I'm boring! After company left. My hubby is at working. I'm in mood to chat on vp with friends.

Yesterday I made a joke that you were not boring. What I meant was you should have said, "I'm bored". Not I'm boring. Those are two different types of boredom.

When you say "I'm boring" you are telling us you are boring, dull, or not interesting. "I'm bored" means you have nothing to do and feel like doing something. :D
 
Yesterday I made a joke that you were not boring. What I meant was you should have said, "I'm bored". Not I'm boring. Those are two different types of boredom.

When you say "I'm boring" you are telling us you are boring, dull, or not interesting. "I'm bored" means you have nothing to do and feel like doing something. :D

I said boring is present and bored is past. :lol:
 
I said boring is present and bored is past. :lol:

Yes that is correct but in this case, the word - bored applies to both present and past because the meaning is different.

Perhaps someone can come along and explain it better than I can.
 
I said boring is present and bored is past. :lol:

oh no no. it's different. English is a complicated language.

"I'm boring" means you are a boring person.
"I'm bored" means you are feeling bored right now.

If you want to use the past tense - you say "I was bored"
If you want to use the present tense - you say "I am bored" (or same as "I'm bored")

confusing, right?
 
Watching Michigan St vs Michigan and waiting to see the schedule for March Madness.
 
oh no no. it's different. English is a complicated language.

"I'm boring" means you are a boring person.
"I'm bored" means you are feeling bored right now.
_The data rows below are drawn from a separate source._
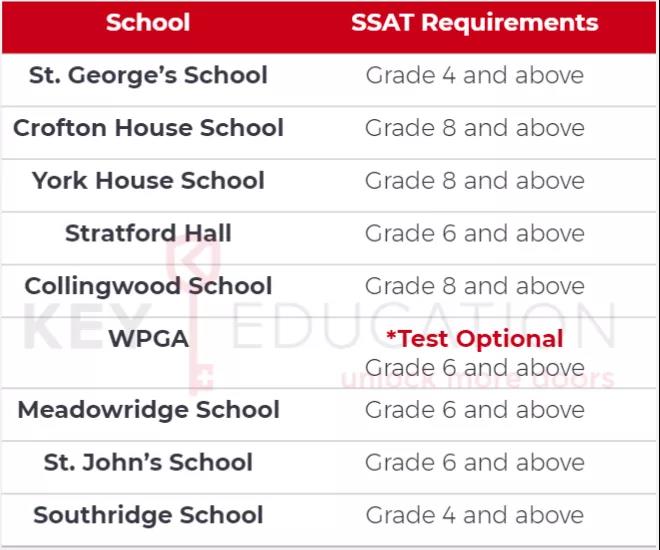 上图是2020-2021申请季,大温地区重点私校对于SSAT标化考试成绩的要求,在上周的文章中KEY深入的介绍了SSAT标准化测验的分级、测试题型与备考时间线,如果还没读过上周文章的家长建议从这篇文章开始阅读(【KEY独家】私校入学敲门砖,SSAT备考全攻略)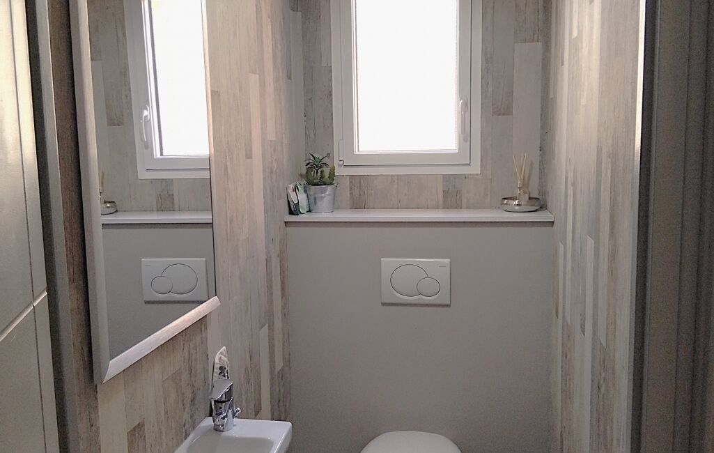 La maison dispose de 3 chambres confortables, dont une suite parentale avec dressing et salle de bain (baignoire + douche italienne). Une deuxième salle d'eau ainsi que deux toilettes ajoutent des commodités supplémentaires à ce bien. A noter que les chambres et les salles d'eau disposent de grands placards offrant ainsi de beaux volumes de rangement.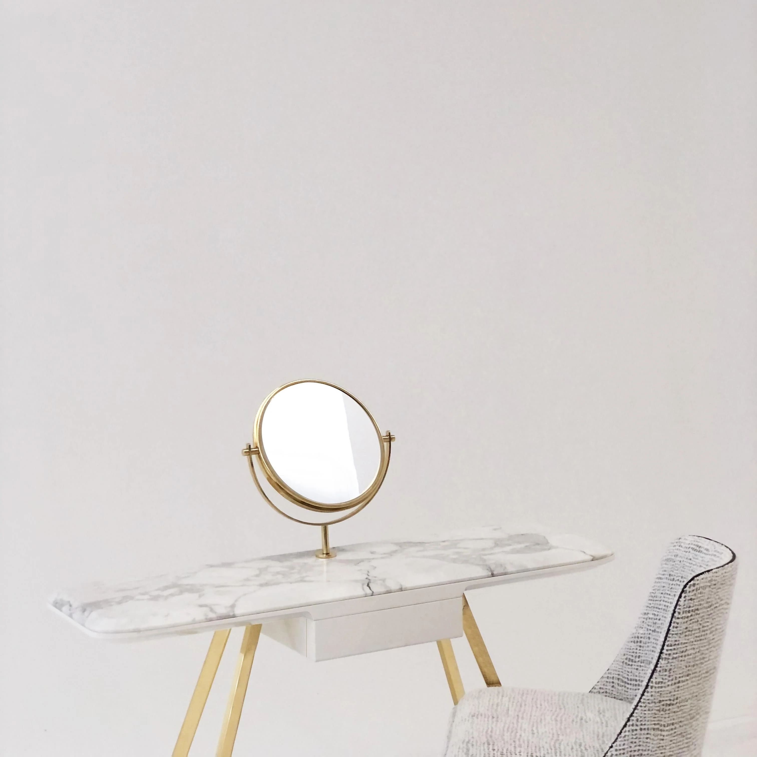 تسريحة رخامية بيضاء مع أرجل ذهبية ومرآة دائرية – تصميم عصري فاخر لغرف النوم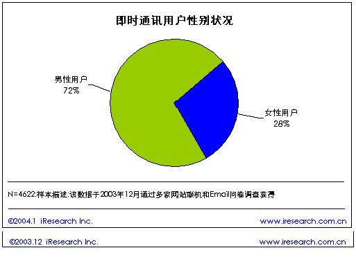 根據(jù)艾瑞市場咨詢(iResearch)的《2003年中國即時通訊研究報告》研究結(jié)果表明,在中國的即時通訊用戶中,72%的即時通訊用戶為男性,占據(jù)了大部分份額。女性用戶僅僅占28%。看來男性網(wǎng)民更喜歡在網(wǎng)上聊天。

If you want to use the past tense - you say "I was bored"
If you want to use the present tense - you say "I am bored" (or same as "I'm bored")

confusing, right?

Thank you for the clarity. You need to become an English Teacher. LoL. Please pardon my grammar.
 
Yes that is correct but in this case, the word - bored applies to both present and past because the meaning is different.

Perhaps someone can come along and explain it better than I can.

I'm sorry. Please pardon me. I mean I am bored right now. I'm embarrassing. That is not my faulted.
 
oh no no. it's different. English is a complicated language.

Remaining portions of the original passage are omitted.